De fait, ces différentes écoles reposent toutes sur la vision du monde décrite en 1.1 car elles ont toutes émergé par opposition au positivisme. Leurs points de différences reposent essentiellement sur leur fondement théorique d’origine (Phénoménologie de Husserl pour les uns, Interactionnisme symbolique pour la théorie enracinée…), leur objet (l’herméneutique propose une démarche d’interprétation visant à éclairer les comportements de l’individu par le sens personnel attaché à sa vie alors que l’ethnographie vise à restituer non seulement le sens individuel mais aussi le sens défini par la culture dans laquelle évolue l’individu), certains principes de collecte de données (multiplication des sources pour la théorie enracinée et l’ethnographie, source textuelle unique pour la phénoménologie), le

recours préalable à la théorie ou le degré d’élaboration d’une théorie abstraite lors de

l’interprétation (souvent très faible en phénoménologie existentielle, Murray, 2002).

Sur la base de ce dernier critère, nous pouvons opposer deux groupes de recherches.

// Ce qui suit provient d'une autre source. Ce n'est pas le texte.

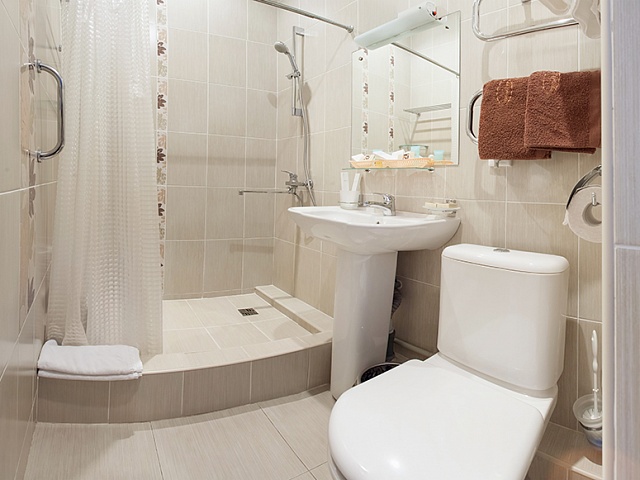 кондиционер, фен, балкон, сейф, телефон, санузел с душевой кабиной, ванные принадлежности, тапочки, двуспальная кровать, шкаф, односпальная кровать, шкаф-купе, утюг с гладильной доской, диван, электрочайник, полутороспальная кровать, два телевизора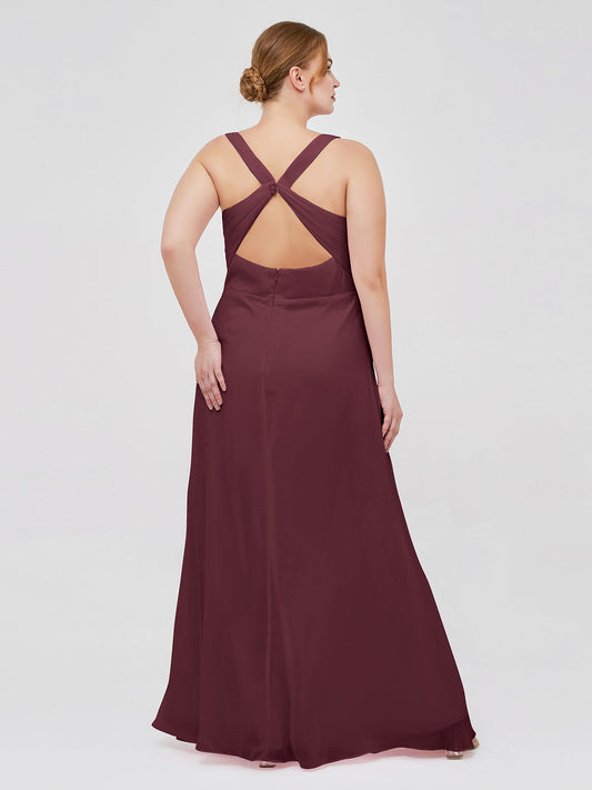 Babaroni VitaVestido de dama de honor de chiffon con escote en V y espalda descubierta Cabernet Tallas Grandes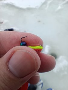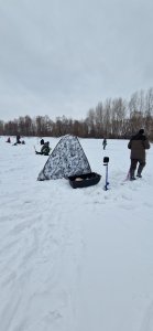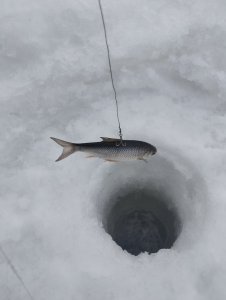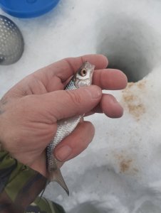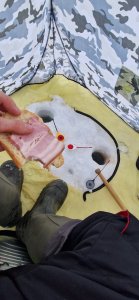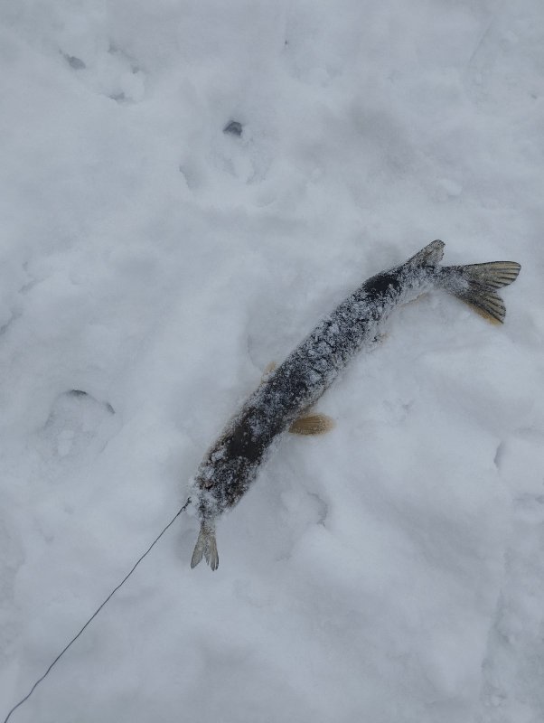 Собрался с мыслями к 14.00 был на инструментальном, пробурил пару лунок, лёд приличный, закормил. Рыба ходит но не активно, говорят клёв с утра был. Поел сало с хлебом, попил чая. Даже покимарил..... Отдохнул на славу и поймал немного подлецов... Уехал в 17.45....

Le courant sémiotique, structuraliste, herméneutique (Holbrook et Grayson, 1986, Hirschman, 1988) étudie à la fois la surface du phénomène mais propose aussi une vision sous-jacente de la réalité de la vie sociale qui n’est pas nécessairement appréhendée ou consciente chez les acteurs eux-mêmes : l’élaboration théorique finale tient donc une place importante. Le courant naturaliste, phénoménologique, ethnographique, qui repose essentiellement sur l’observation et les entretiens de longue durée, vise à comprendre le phénomène du point de vue de l’informant pour en tirer des schèmes plus généraux, mais sans nécessairement élaborer une théorie qui échapperait à la conscience des informants.

A l’instar d’autres recherches, celle-ci aura recours aux deux familles d’analyse, dont les principes de collecte de données sont très proches. Le panorama épistémologique étant planté, nous allons décrire notre façon de mener l’étude qualitative sur la première rencontre mémorable.

En synthèse, nous proposons de mener notre étude qualitative en suivant les principes du paradigme interprétatif pour faire émerger l’expérience profonde des consommateurs, dans leur contexte, afin d’en déduire des schèmes émergeant du vécu subjectif de chacun des informants.